Управляющий завел себе молоток, зубило, метр, линейку и начал летать. Чуть что, сейчас же опробует, вымеряет и ну размахивать руками да кричать. Ходить он не умел — все бегом. На бегу слушал, говорил, подписывал, головоломки задавал, людей перемещал. С непривычки даже обидно. У тебя дело, а он летит ветром. Подойдешь, откроешь рот, а он уже в стороне.
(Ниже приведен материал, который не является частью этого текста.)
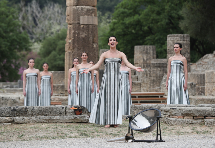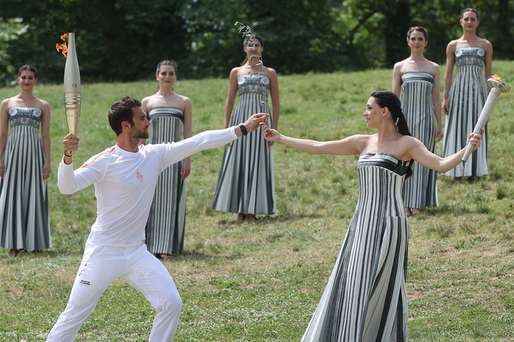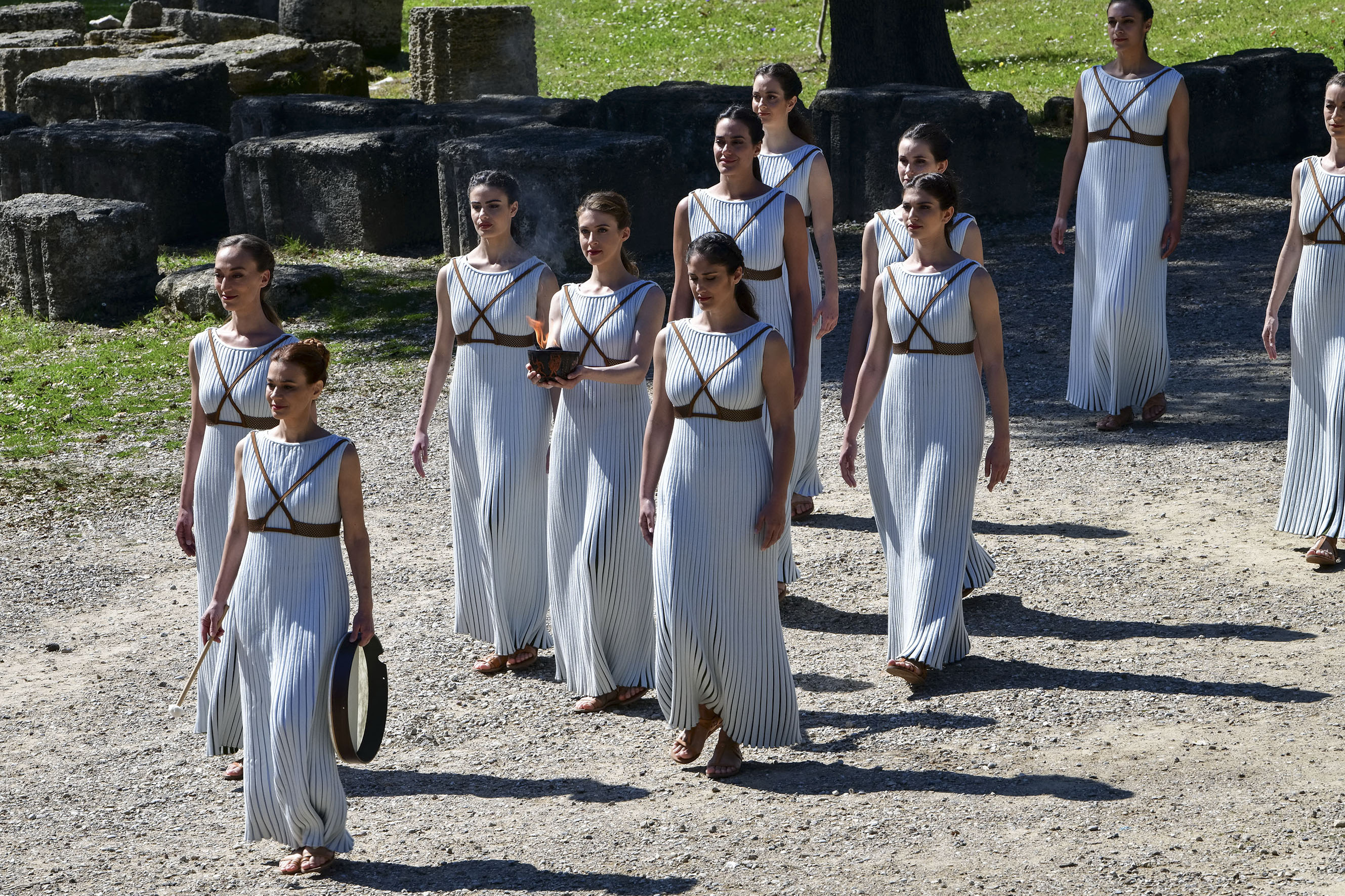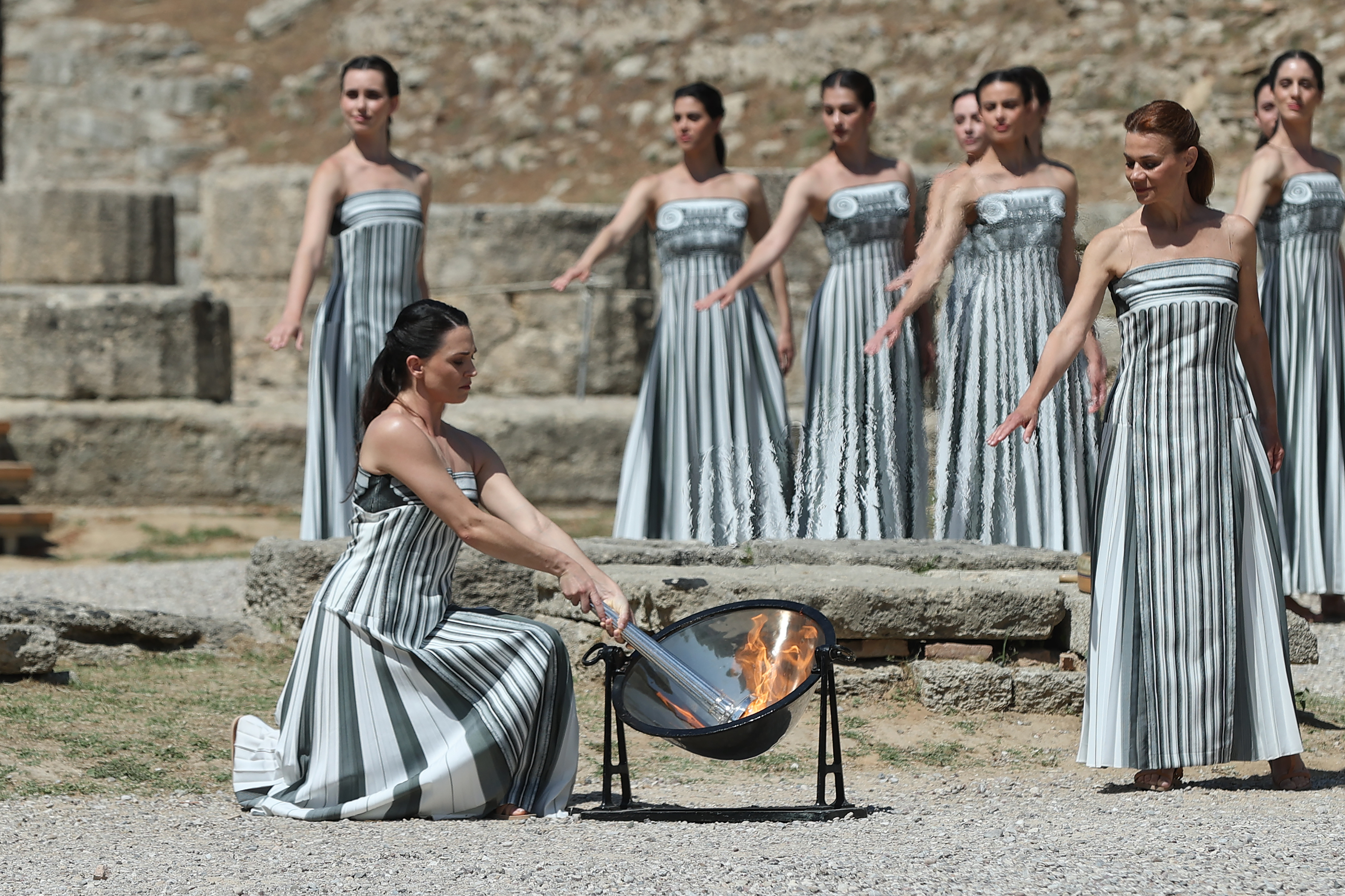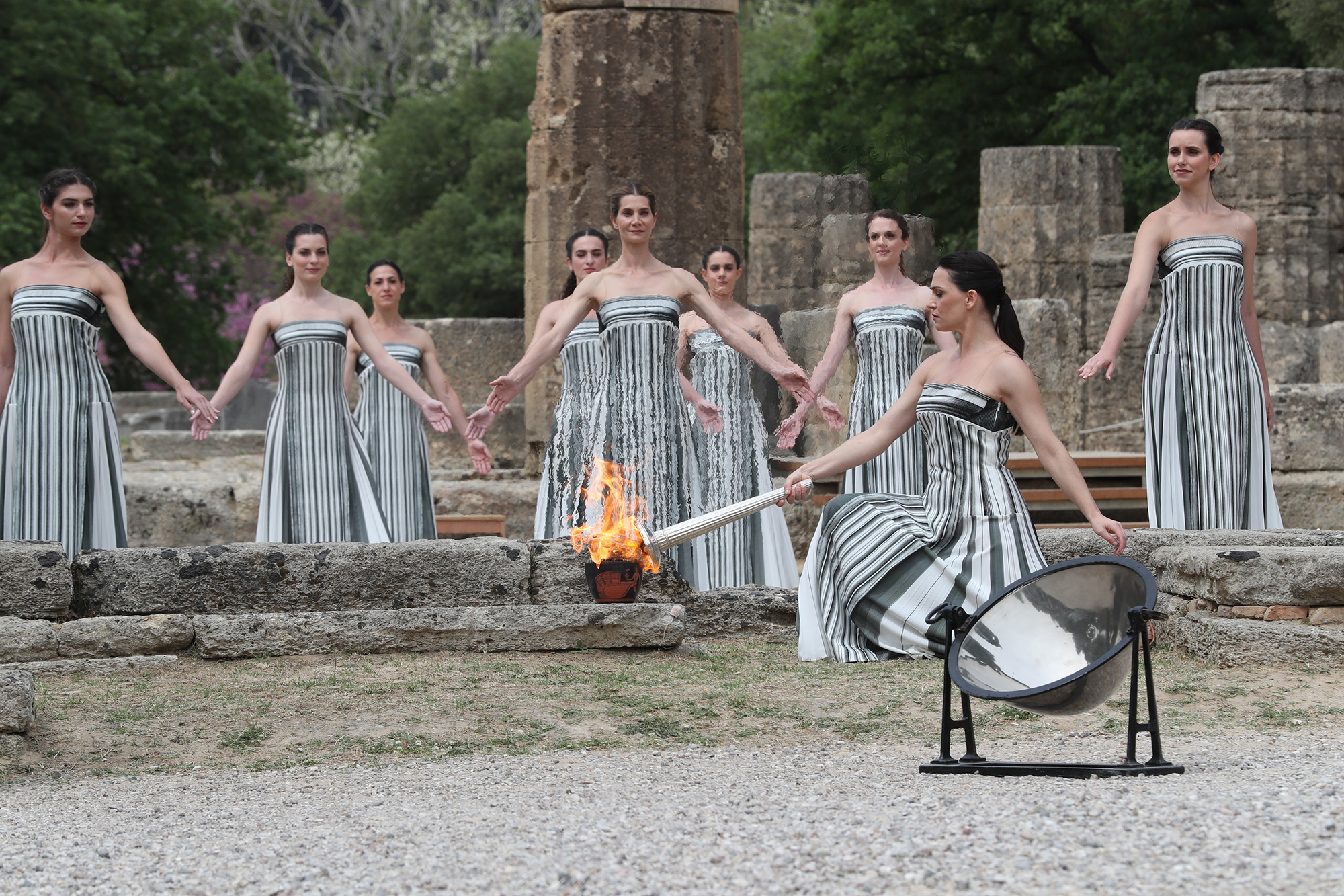 在古奥林匹亚体育场,最高女祭司将火种和象征和平的橄榄枝一同交给第一位火炬手,标志着奥林匹克火炬传递正式开启。
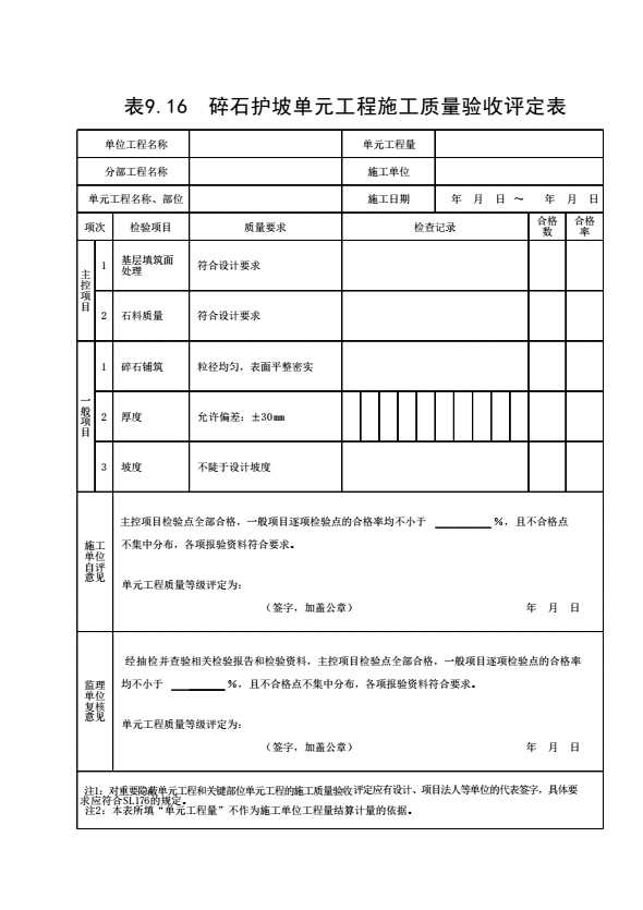 表格名称:表9.16 碎石护坡单元工程施工质量验收评定表
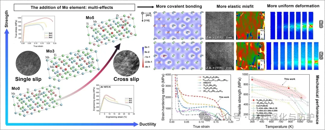 近日,哈尔滨工业大学团队联合中国科学院金属所,在《Journal of Materials Science & Technology》期刊在线发表了题为“Insights into multi-effects of single element Mo in Ti-rich Ti40Nb30V25−xZr5Mox refractory complex concentrated alloys: Strength-ductility synergy and high-temperature strengthening”的研究论文,在这项研究中,团队为了在保持轻质化和良好延展性的前提下提升Ti基RCCAs合金的力学性能,通过单一元素Mo的精准调控来调节合金的原子应变场、位错行为与电子结构。论文通讯作者为哈尔滨工业大学安琦副教授和黄陆军教授。
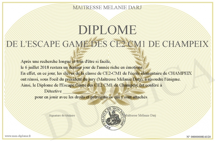 Envoyez par email votre Diplôme de l'Escape Game des CE2 CM1 de Champeix personalisé
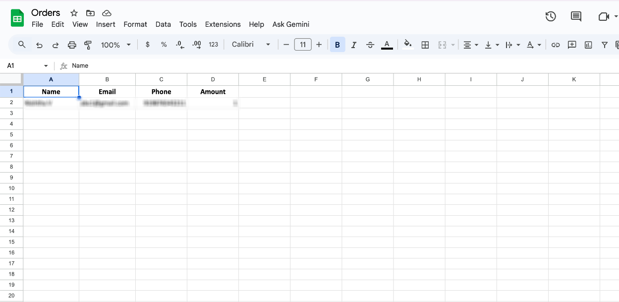 After the test completes, the test sale data from Explodely will appear in your selected Google Sheet.
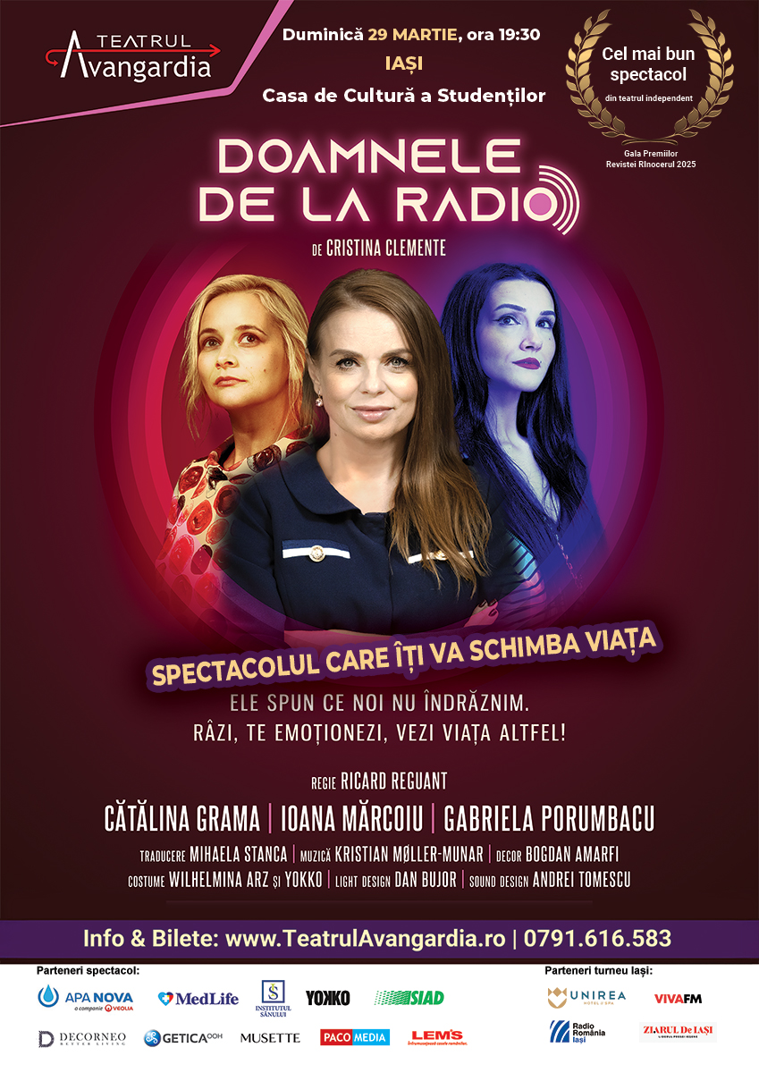 Se spune că în momentul în care reușești să râzi de lucrul care te sperie cel mai tare, acel lucru își pierde puterea asupra ta. Duminică, 29 martie, de la ora 19:30, scena Casei de Cultură a Studenților din Iași devine spațiul unei întâlniri remarcabile: „Doamnele de la Radio”, spectacolul care transformă una dintre cele mai mari temeri umane într-o explozie de umor și solidaritate.
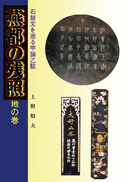 燕都の残照 地の巻 石鼓文を巡る甲論乙駁 著者/上野昭夫 A5判242頁・並製本/H10.11.25発行/¥1,728(税込) 「天の巻」に続く第二弾。文字の原点と言われる石鼓文の歴史と謎に迫る。終戦の年昭和20年。著者は中国北京にあって中国一の硯学高老師から日本と中国を対比した歴史についての薫陶を受ける。 中国の大篆文字、甲骨文字、金石文字、小篆文字、篆書、隷書、楷書、行書、草書への流れ、日本の神代文字、楷書流入、章草流入、行書、草書、平仮名の流れを理路整然と解読する。第五章からは文房四宝講義に入り、墨の由来から格に至るまで詳細に説く。 |
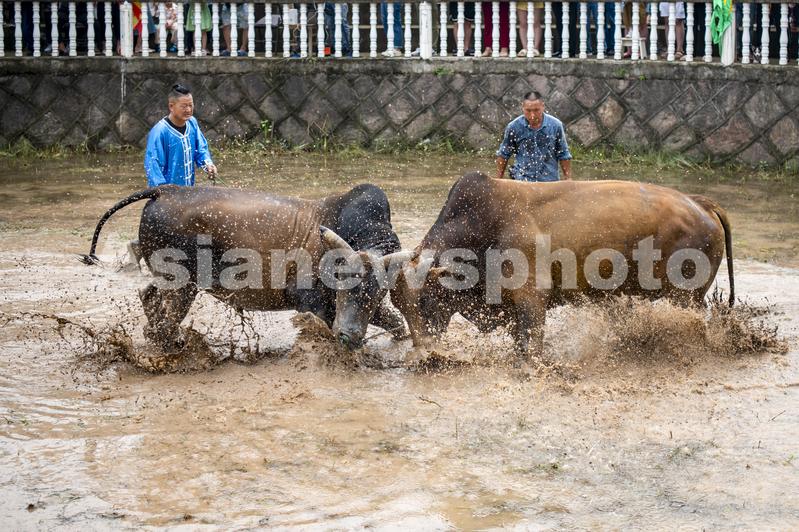图片说明:2023年6月22日,浙江省金华市婺城区雅畈镇铜山斗牛场里,在阵阵呐喊和锣鼓声中,两头黄牛四角相抵,奋力争斗。
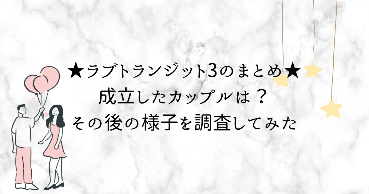 ラブトランジットシーズン3に出演していたメンバーのその後はどうなってるのか現在の様子を調査したのでまとめていきます!
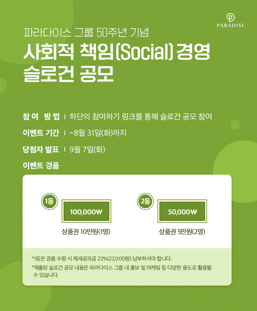 2022년 파라다이스 그룹은 50주년을 맞이하게 되는데요. 이를 기념하여 Social, 즉 사회적 책임 경영에 관련한 슬로건 공모전을 진행합니다.
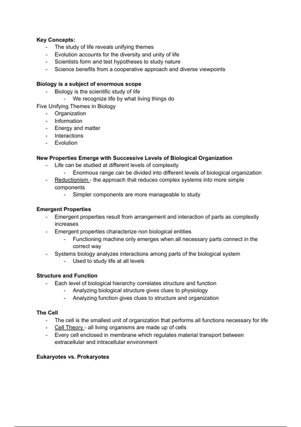- Emergent properties result from arrangement and interaction of parts as complexity
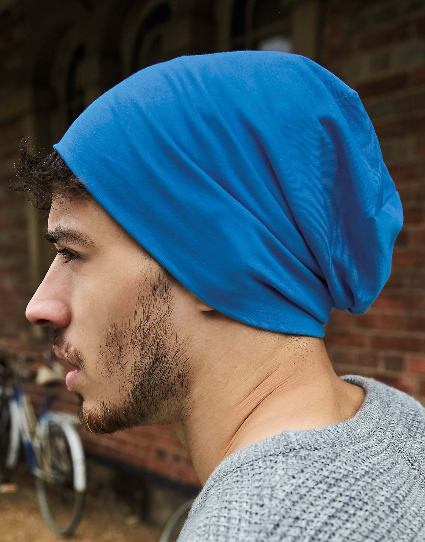 Tätstickad mössa i bomull med detaljsömmar i slouch stil.
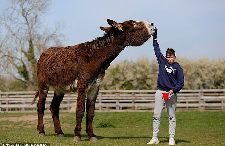 Дом Деррика в Великобритании, в ослином заповеднике Линкольншир. Этому гиганту сейчас пять лет. Ослик еще молодой, но он уже давно обогнал своих соседей: рост ишака — почти 171 сантиметр. И, кажется, скоро он перегонит и мирового рекордсмена: еще один осел этого вида по кличке Ромулус живет в Техасе, и он 173 сантиметра, тоже настоящий великан.
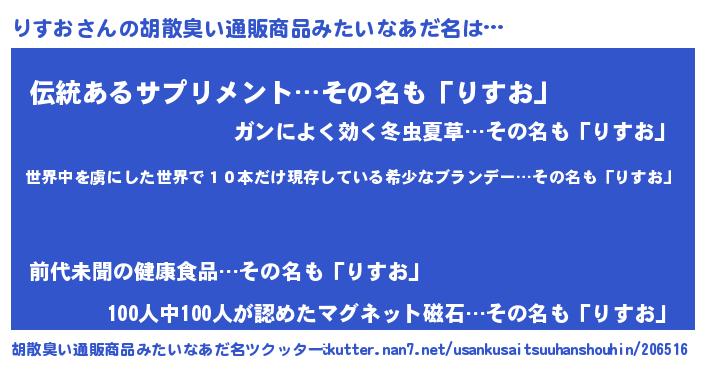 | 欧米人風あだ名 | 『りすお・ステッグマイヤー』 |
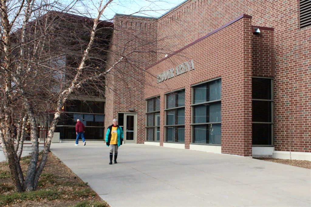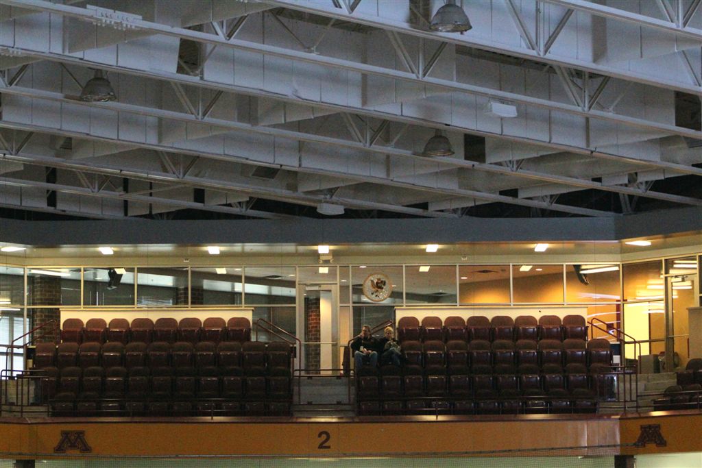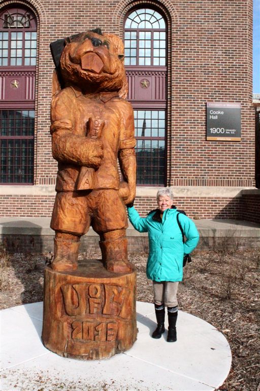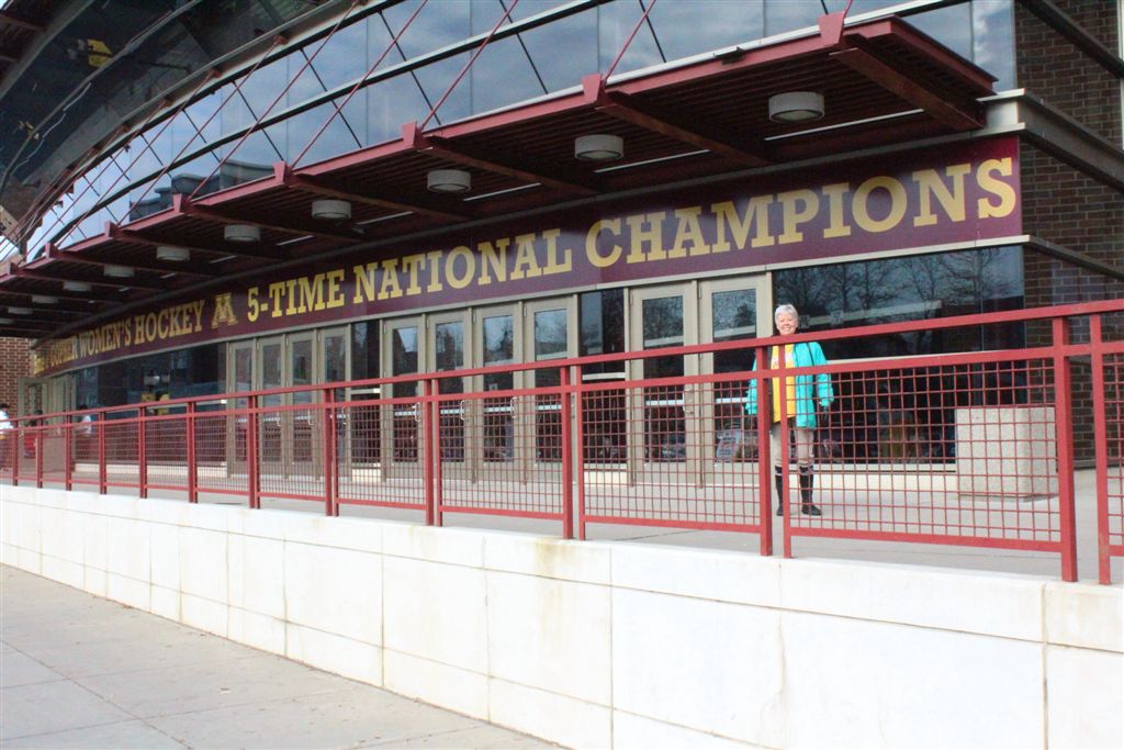 Anyway, walking across campus to Ridder Arena, we had to stop for this photo op with Goldy. You will note Cooke Hall in the background – one of the few buildings in this part of the campus that I still recognize. It used to be the swimming arena – I have no idea if it still is. It was right at the open end of old Memorial Stadium.
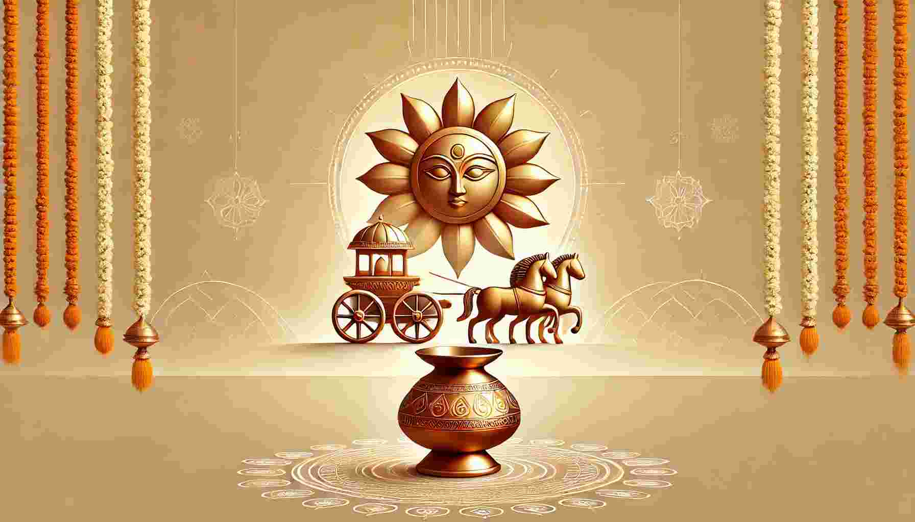 Women create intricate rangolis and draw images of the Sun’s chariot, a representation of Surya’s divine vehicle pulled by seven horses. These designs reflect the festival's essence and are a visual tribute to the Sun God.

Ты за ним, а он что-нибудь вымеряет и ворчит:
— Ну, ну, я слышу, слышу...
Узнали мы, что он лет десять на каторге был. С семнадцатого года на воле, а след тюрьмы все виден на нем. Придешь к нему в контору, заговоришь, а он сорвется со стула — и пошел. Да быстро-быстро... Ты ему:
— Постойте, товарищ!
А он повернется у двери — и назад к тебе. У стола повернется — и опять к двери. Разов восемь пробежит так, сядет да к тебе, будто и не вставал:
— Я слушаю, товарищ...
Это в тюремной одиночке прилипло к нему. Когда рассказывают об этом, так смешно вроде, а как увидишь сам, в груди заскребет. Идет он, а спина горбится, рука тянется к поясу, вроде он по одиночке бегает и ремешок от кандалов придерживает.
Был такой случай. Бежал он мимо домны, а мы за работой песню про Байкал поем. Услыхал он — и к нам:
— Что у вас случилось?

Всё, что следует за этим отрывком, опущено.